Although pictures appear in the data, the answer should contain only the lines from its start through the line with "A plaid wool", written out exactly.

[[ DATASET open ]]

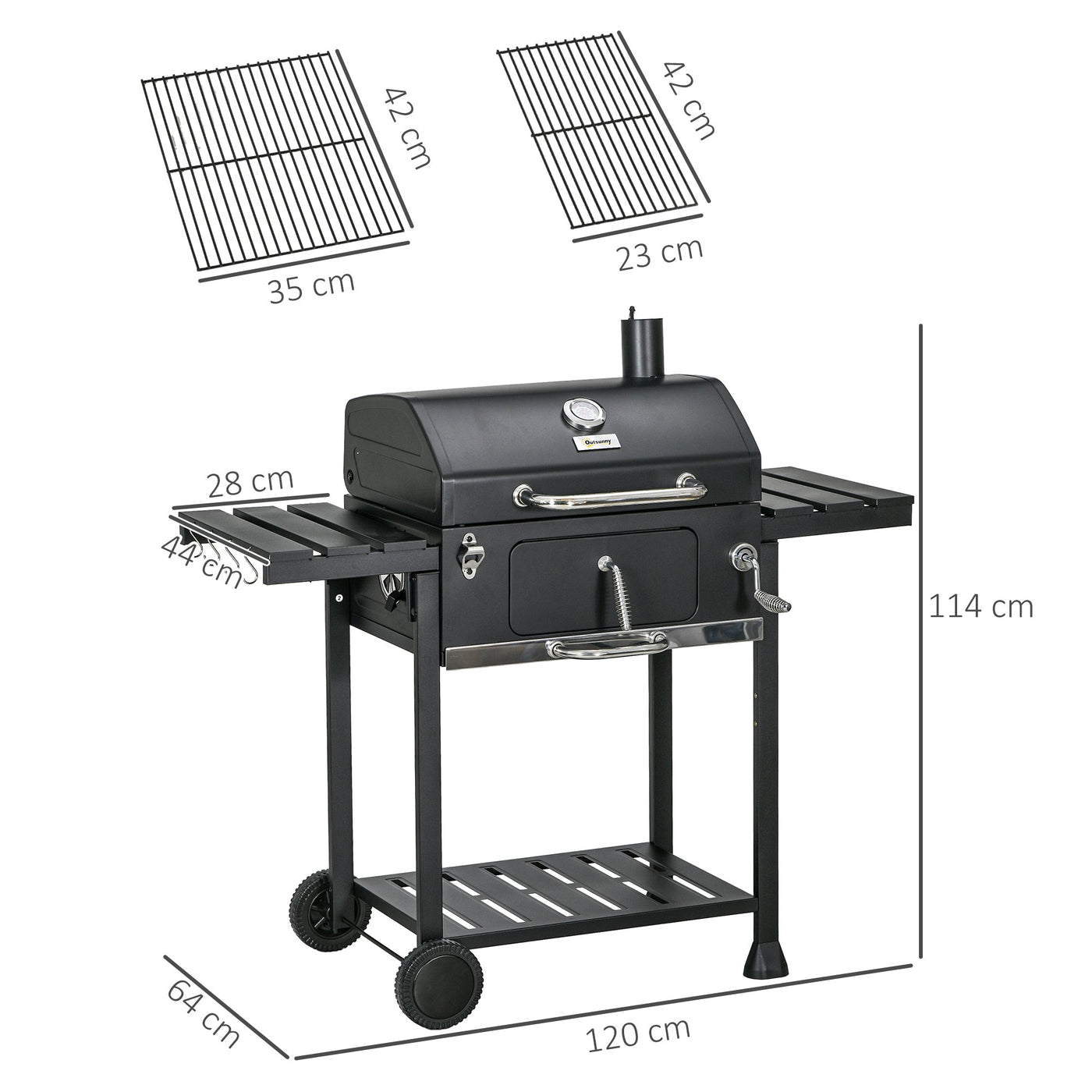 Outsunny Adjustable Charcoal Pan BBQ, with Thermometer and Warming Rack - Black
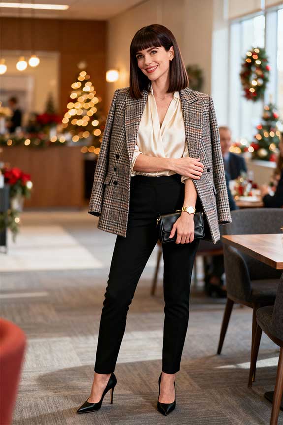 A plaid wool blazer adds texture and sophistication to the outfit, while the silk blouse underneath keeps it light and luxurious. Tailored black pants finish off the look with a professional touch. A perfect option for a holiday office party or a business-casual Christmas gathering.
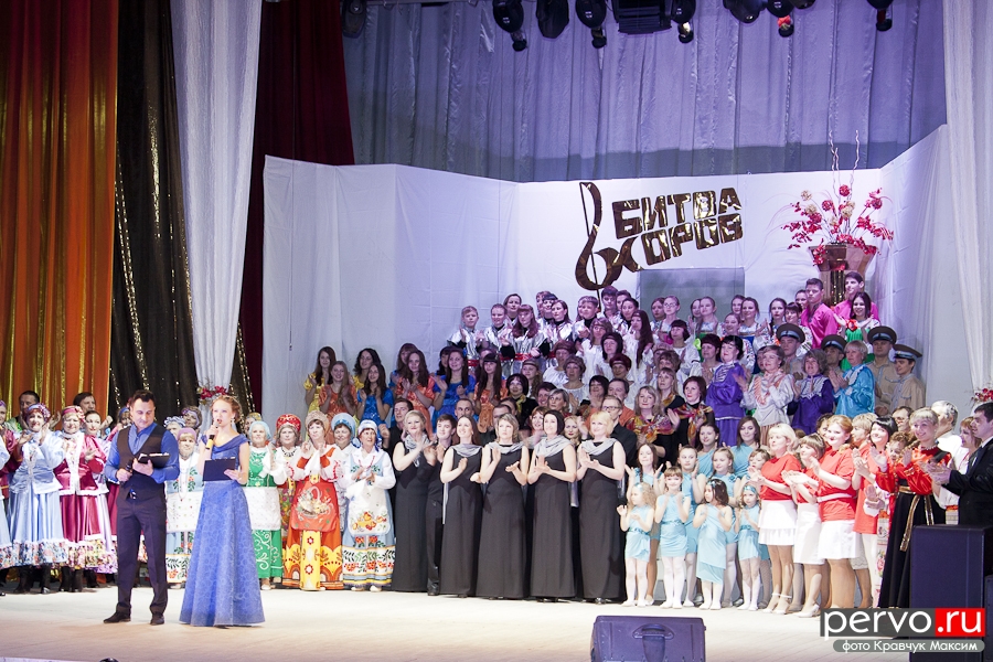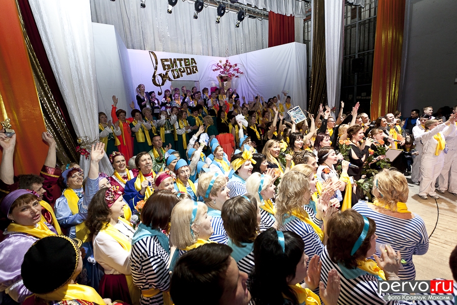 Вчера, 24 апреля, в Первоуральске Дворец культуры и техники ОАО «ПНТЗ» состоялось грандиозное шоу Битва хоров «Под софитами…». В программе было 24 конкурсных номера, над которыми в течение трех месяцев работали 12 хормейстеров и 245 лучших голосов города в возрасте от 5 до 82 лет. В составе жюри входил один из участников хора «Виктория» — победителя всероссийского проекта «Битва хоров» на телеканале «Россия».
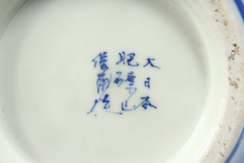 A JAPANESE BLUE AND WHITE PORCELAIN VASE, decorated with flora, the base with nine character mark, 27.5cm high.
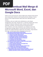 Pembuatan Banyak Dokumen dengan Mail Merge Friday, 11 January 2008 Saya membuat artikel ini karena prihatin pada rekan kantor saya yang mengurusi masalah administrasi seperti membuat surat dan menyebarkan undangan ke mana-mana. Ternyata dalam membuat undangan, dia masih menggunakan satu template yang sama, lalu di-copy paste ke banyak halaman, lalu di-edit satu-satu (hehe...sorry ya, gue ga sebutin nama loh :P). Cara ini sih bagus, kalau dokumen yang diubah sedikit, misalnya sekitar 3-5 lembar. Dulu pun saya begitu. Tapi kalau banyak? Modar juga :P. Saya pernah mengalami harus mencetak kupon door prize sebanyak 1500 lembar (3 rim loh). Kupon door prize, artinya semua nomor dalam tiap kupon tidak boleh sama. Mau edit satu-satu? :) Dalam pembuatan mail merge, ada dua dokumen yang harus dipersiapkan, yaitu: a. Document Template, yaitu dokumen yang akan digunakan sebagai pola pencetakan. Selama ini saya baru mencoba dengan MS Word dan MS Publisher. Saya belum mencoba untuk software lainnya. b. Data Source, yaitu daftar data yang akan dimasukkan dalam dokumen point b. Data source bisa dari berbagai macam sumber, salah satunya adalah data dari file Excel. Walaupun data yang akan dimasukkan (no. b) bisa dibuat belakangan, namun saya menganjurkan
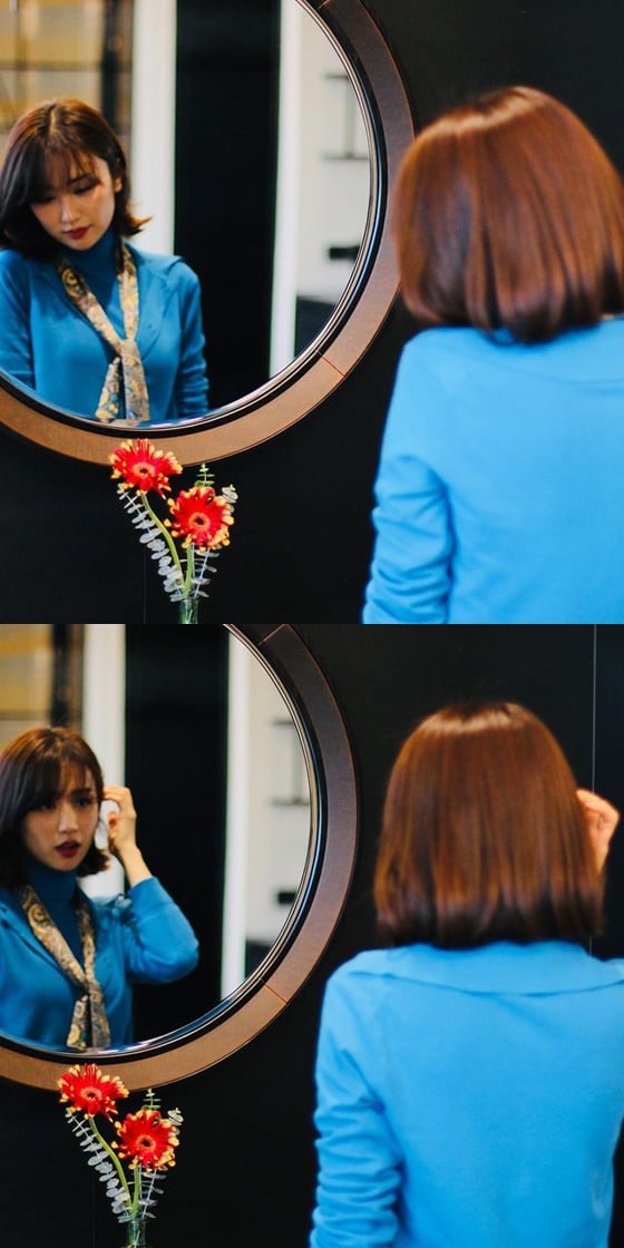 공개된 사진 속 박하선은 푸른색 계열의 상의를 입고 거울 앞에서 포즈를 취하고 있다. 흐릿해도 붉은색으로 립에 포인트를 줘 매혹적인 매력을 발산했다.
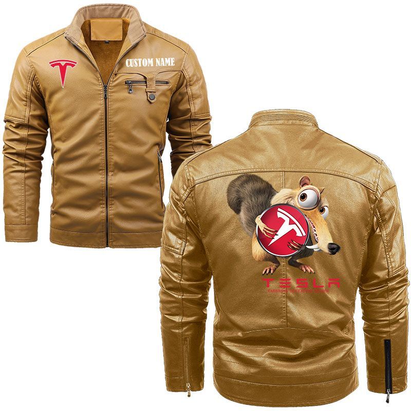 Scrat Squirrel In Ice Age Tesla Motors Zip Pocket Fleece Leather Jacket
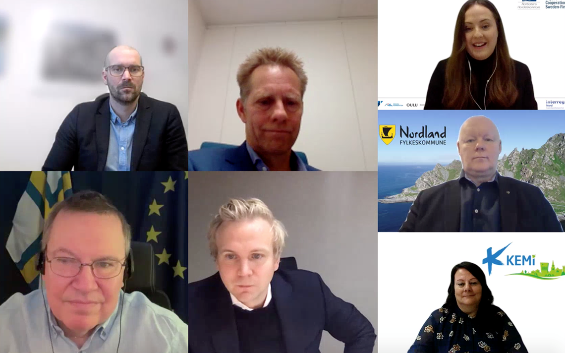 Den 8 december anordnade Norrbottens Handelskammare och Business Oulu den andra delen i sin webbinarieserie Attractive Arctic Europe som North Sweden modererade. Representanter från Bodens kommun, Region Norrbotten, Nordlands fylke, Narviks kommun, Lapplands landskapsförbund och Kemi kommun samlades digitalt för att delge perspektiv på gröna miljardinvesteringar för etablering och omställning av industrier i Norra Sverige, Finland och Norge.

[[ DATASET closed ]]

**ANSWER BELOW**
 Outsunny Adjustable Charcoal Pan BBQ, with Thermometer and Warming Rack - Black
 A plaid wool blazer adds texture and sophistication to the outfit, while the silk blouse underneath keeps it light and luxurious. Tailored black pants finish off the look with a professional touch. A perfect option for a holiday office party or a business-casual Christmas gathering.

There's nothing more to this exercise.